BALTIMORE (AP) — Mayor Sheila Dixon accepted fur coats and airplane tickets from a prominent Baltimore developer and took several lavish trips with him in 2003 and 2004, according to court documents made public Tuesday.
Documents obtained by The (Baltimore) Sun detail several gifts from developer Ronald H. Lipscomb to Dixon and revealed the focus of an investigation into Dixon’s financial dealings.
The mayor, who was City Council president at the time, did not include the gifts on her financial disclosure statements, the documents show. City officials are required by law to disclose gifts from people doing business with the city.
The disclosure prompted Dixon and Lipscomb to acknowledge a personal relationship in late 2003 and early 2004. They denied that the relationship affected Lipscomb’s dealings with City Hall.
“In late 2003 and early 2004, I had a personal relationship with Ron Lipscomb. We were both separated from our respective spouses at the time, we traveled together and exchanged gifts on special occasions,” Dixon said in a statement. “Our brief relationship was personal, and it did not influence my decisions related to matters of city government.”
The state prosecutor’s office has been scrutinizing Dixon’s financial dealings for more than two years. But it had no comment Tuesday on the documents and refused to confirm or deny the existence of specific investigations.
At the time of the relationship, the city gave tax breaks to Lipscomb’s company, Doracon Contracting Inc., for a $97 million apartment, condominium and retail complex known as Spinnaker Bay, the documents suggested. They indicated Dixon also voted in favor of other Doracon projects as president of the city’s Board of Estimates.
Investigators “believe that a corrupt relationship exists between City Council President Sheila Dixon, developer Ronald Lipscomb, and Dennis Cullop,” vice president of the developer’s company Doracon Contracting Inc., according to the documents.
The documents obtained by The Sun were filed in support of a search warrant executed at Doracon’s offices last November.

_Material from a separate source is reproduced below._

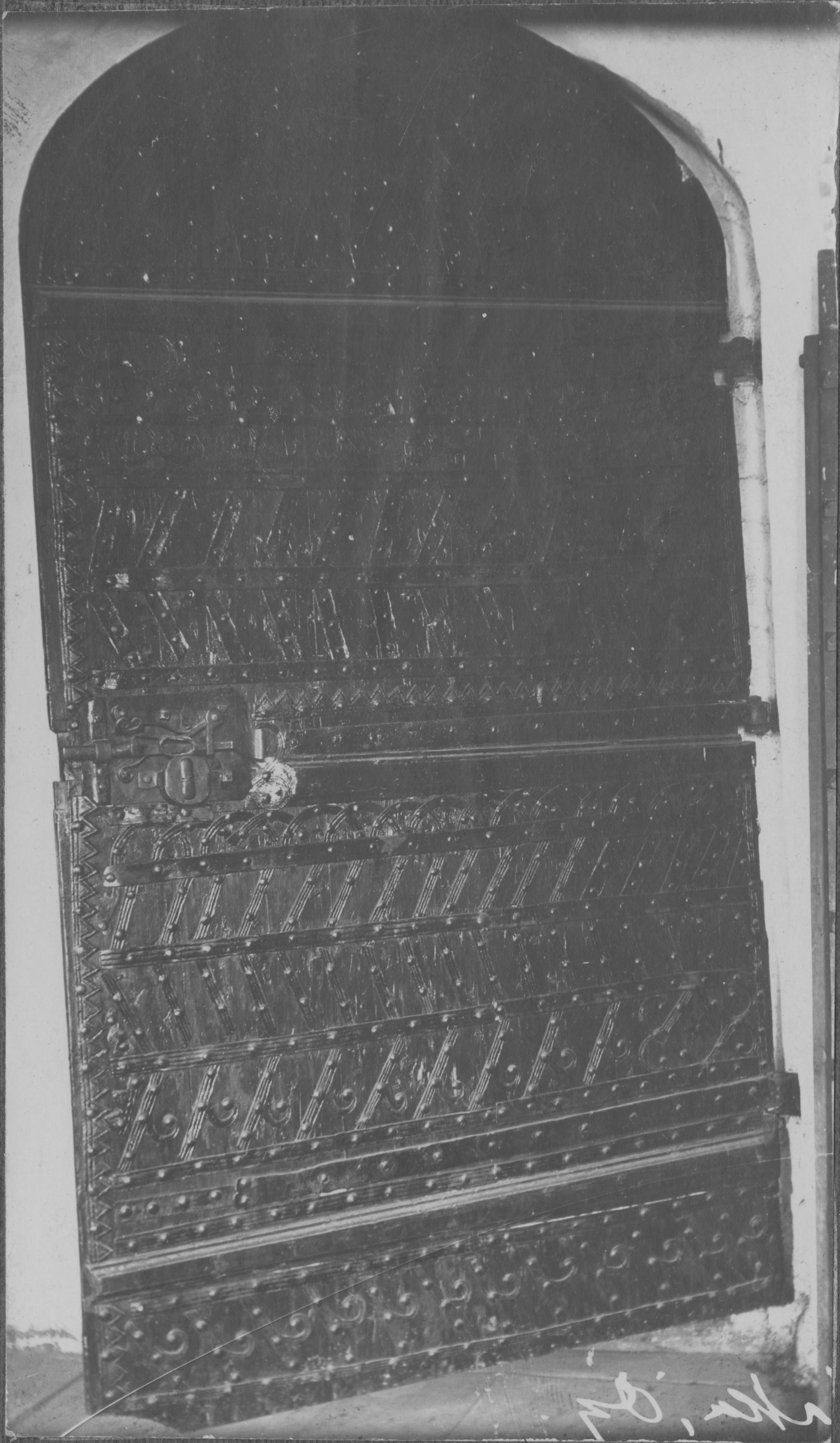 Beskrivning: Dörr, romansk järnbeslagen. Sakristian, mot kyrkorummet.

Witnesses in the Dixon case have been called to testify before a grand jury this week and next.
Dixon divorced her second husband, Thomas Hampton, in 2006. The mayor’s spokesman, Sterling Clifford, said Dixon had never been asked previously about her personal relationship with Lipscomb.

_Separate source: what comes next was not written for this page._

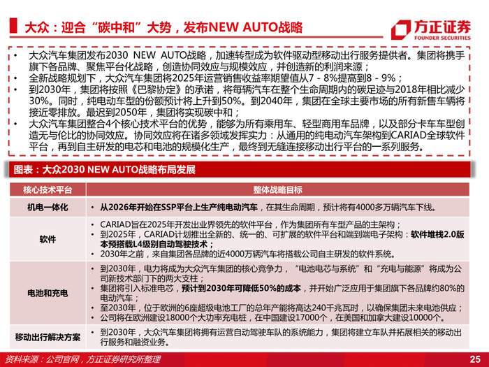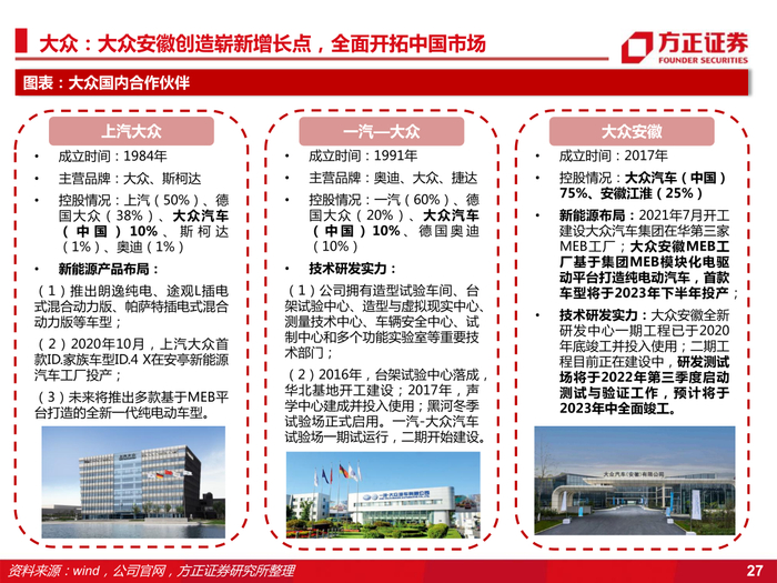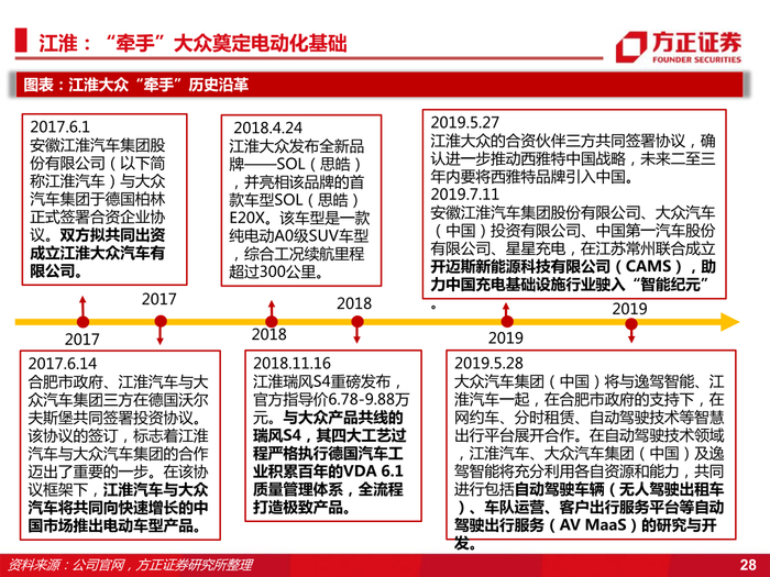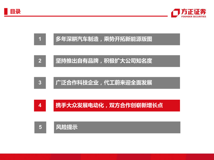4、携手大众奠定电动化趋势,双方合作创造崭新利润增长点。公司与大众合作多年,2017年合作成立大众安徽,建立大众安徽MEB平台,全面打造纯电动汽车。并于今年7月三方签订大众智慧物流项目战略合作协议,公司将携手大众安徽通过该项目探索智能网联汽车应用场景及商业模式。
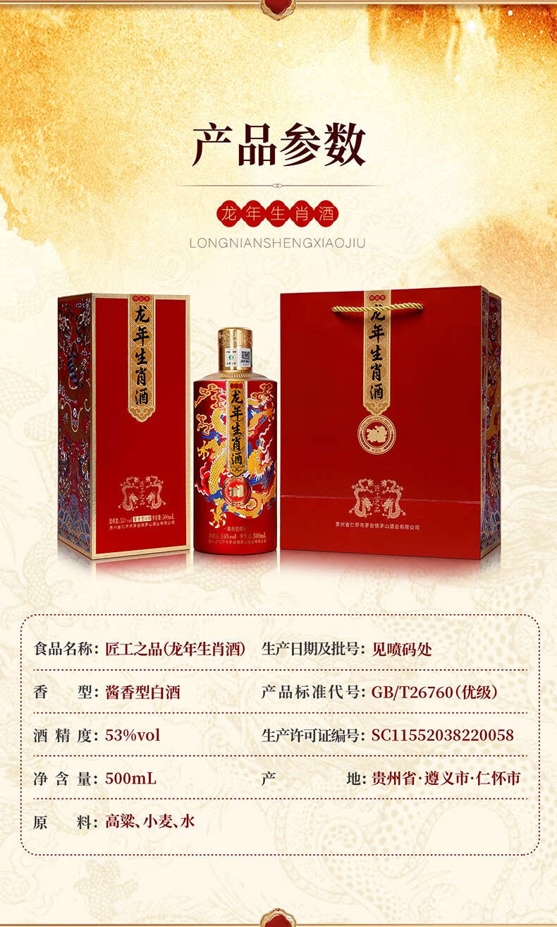 匠工之品龙年生肖酒(福运连连)53°vol/500ML*6

The documents showed Cullop used a credit card belonging to Doracon to buy a $2,000 gift certificate from a Baltimore County furrier on Dec. 24, 2003. Dixon used the gift certificate toward two fur coats purchased in January 2004, the documents showed.
After prosecutors raided her home last week, Dixon told reporters she owns “several” furs but declined to say if they were gifts.

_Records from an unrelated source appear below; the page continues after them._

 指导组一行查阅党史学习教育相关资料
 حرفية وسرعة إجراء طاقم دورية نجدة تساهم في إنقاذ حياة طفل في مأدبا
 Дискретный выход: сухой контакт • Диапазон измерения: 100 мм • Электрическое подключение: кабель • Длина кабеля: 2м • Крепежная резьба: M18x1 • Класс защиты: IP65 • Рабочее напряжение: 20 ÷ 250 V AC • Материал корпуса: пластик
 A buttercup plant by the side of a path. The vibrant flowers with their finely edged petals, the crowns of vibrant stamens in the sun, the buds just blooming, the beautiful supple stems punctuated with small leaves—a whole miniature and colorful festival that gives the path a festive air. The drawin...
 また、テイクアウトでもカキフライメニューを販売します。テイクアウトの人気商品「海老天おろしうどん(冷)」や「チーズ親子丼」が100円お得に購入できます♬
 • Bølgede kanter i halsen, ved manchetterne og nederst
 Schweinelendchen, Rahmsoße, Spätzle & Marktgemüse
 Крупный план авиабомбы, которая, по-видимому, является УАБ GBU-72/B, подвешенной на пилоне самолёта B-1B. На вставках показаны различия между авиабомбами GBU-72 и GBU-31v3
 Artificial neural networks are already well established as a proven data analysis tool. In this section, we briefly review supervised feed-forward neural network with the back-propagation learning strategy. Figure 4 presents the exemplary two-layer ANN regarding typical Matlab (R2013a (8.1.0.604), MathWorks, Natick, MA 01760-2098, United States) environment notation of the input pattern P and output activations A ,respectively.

The documents also detail several trips by Dixon and Lipscomb.
The pair took an Amtrak train to New York on Feb. 18, 2004 — the day the Board of Estimates approved the Spinnaker Bay tax breaks. Credit card receipts show that Lipscomb paid $2,089.84 for two nights at a luxury hotel and he paid Dixon’s return trip.
Dixon’s $1,518.20 airfare for a trip to Chicago in March 2004 was charged to Cullop’s credit card, the documents showed. They noted Dixon and Lipscomb also traveled together to Boston and Avon, Colo., and Lipscomb was among the guests at Dixon’s 50th birthday party in the Bahamas in December 2003.
Dixon’s attorney, Dale P. Kelberman, did not return a message for comment.
Lipscomb’s attorney, Gerard P. Martin, said the documents did not implicate his client.
“In Mr. Lipscomb’s entire business career, he has never asked an elected official, including Ms. Dixon, to do anything for him or his business,” Martin said.